If you give an infinite amount of slime molds, an infinite amount of
time/computers, would they then be able to randomly type out cognitive
dinosaur science? Sounds plausible to me as a one eyed amoeba on
steroids.!
Humans high in the Andes seem to do fine up to 15K feet and have
adapted quite well to the lower oxygen conditions with smaller body
masses, enlarged lungs and enriched hemoglobin/plasma ratios in their
bodies. They also seem to reproduce well there (at least in quantity,
quality is too subjective for this discussion). There is no reason
that Mesozoic animals couldn't adapt over the generations to changes
either way in ppO2.
Zonation of fauna related to altitude certainly occurs in modern
ecosystems. Some of this is temperature related, but ppO2 certainly
plays an effect. Some large bodied forms do well at high altitude
though the cold has altered their shape a tad from their low altitude
cousins. Birds of course get around enough that they could breed at
low altitude and hunt up high in the ether. No reason dinos didn't
have the same pressures (excuse the pun) to evolve different body plans
based on adaptation to ppO2/altitude changes. Speciation occurs
because it works to facilitate reproduction in a "secular" fashion.
Environmental feedback loops maintain habitable levels of atmospheric
gasses obviously as life still exists on the planet even after all
these years. Give slime molds a chance and they will proliferate and
eventually learn to type.
Frank (Rooster) Bliss
MS Biostratigraphy
Weston, Wyoming
On Sep 30, 2005, at 9:04 AM, Tim Williams wrote:
Mike Taylor wrote:
On the Internet, no-one knows who you are. How can you tell that I'm
not an algae colony with unusually developed typing skills?
(I'm not really an algae colony, of course. I'm a lobster.)
I'm a slime mold!
David Marjanovic wrote:
One more quote (refs removed):
"Whereas the relatively rapid decline in oxygen at the end-Permian
and early Triassic is suggested to have been a major factor
contributing to the extinction of terrestrial animals (mostly
reptiles) at this time, the rise of oxygen over the ensuing 150 My
almost certainly contributed to evolution of large animals.
This may be a daft question, but I had heard/read that oxygen levels
were relatively high during the Permian. This allowed large flying
insects (_Meganeura_) to thrive during this period, owing to the
higher oxygen tension in the atmosphere. The end-Permian drop in O2
may have contributed toward their extinction too.
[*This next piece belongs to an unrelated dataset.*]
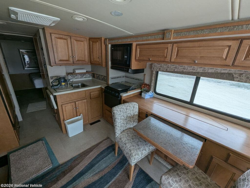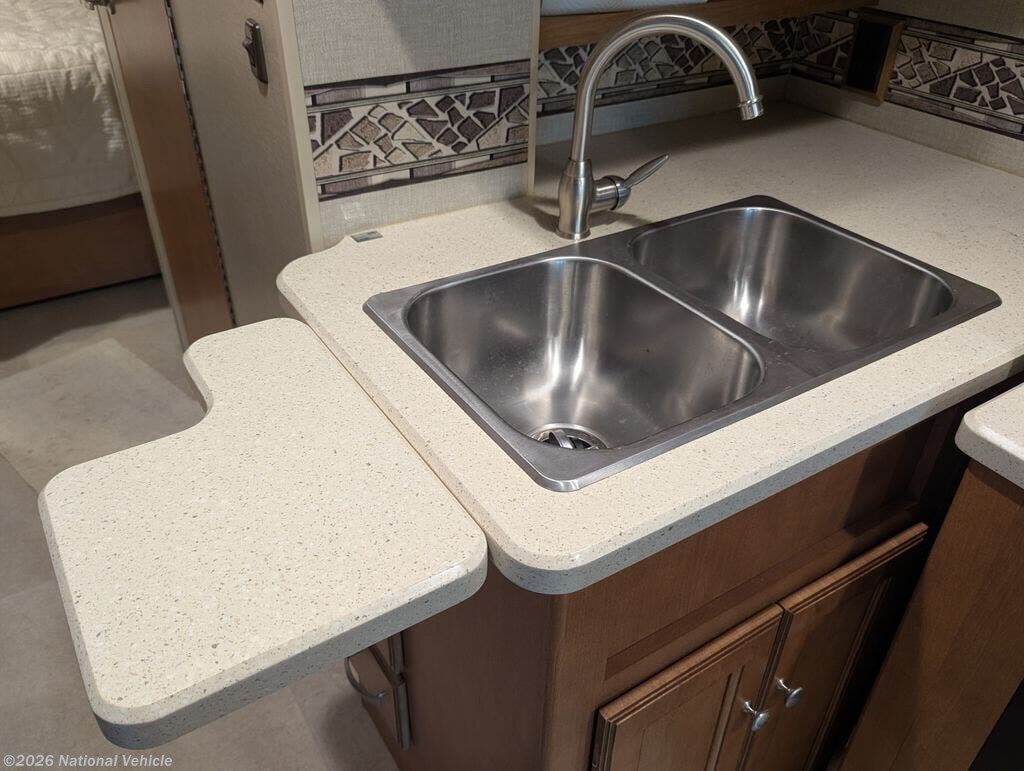 The kitchen is well-equipped for cooking on the road, featuring Corian countertops, a gas cooktop stove, convection microwave oven, double sink, and a two-door gas/electric refrigerator. Storage is plentiful throughout the coach.

Interesting how the authors use "secular" -- apparently for
"long-term".
As in "The data presented here provide evidence of a secular increase
in atmospheric oxygen over the past 205 My that broadly corresponds
with three main aspects of vertebrate evolution, namely endothermy,
placentation, and size."
I think we need to know more about the religious beliefs of marsupials
before we can draw any firm conclusions.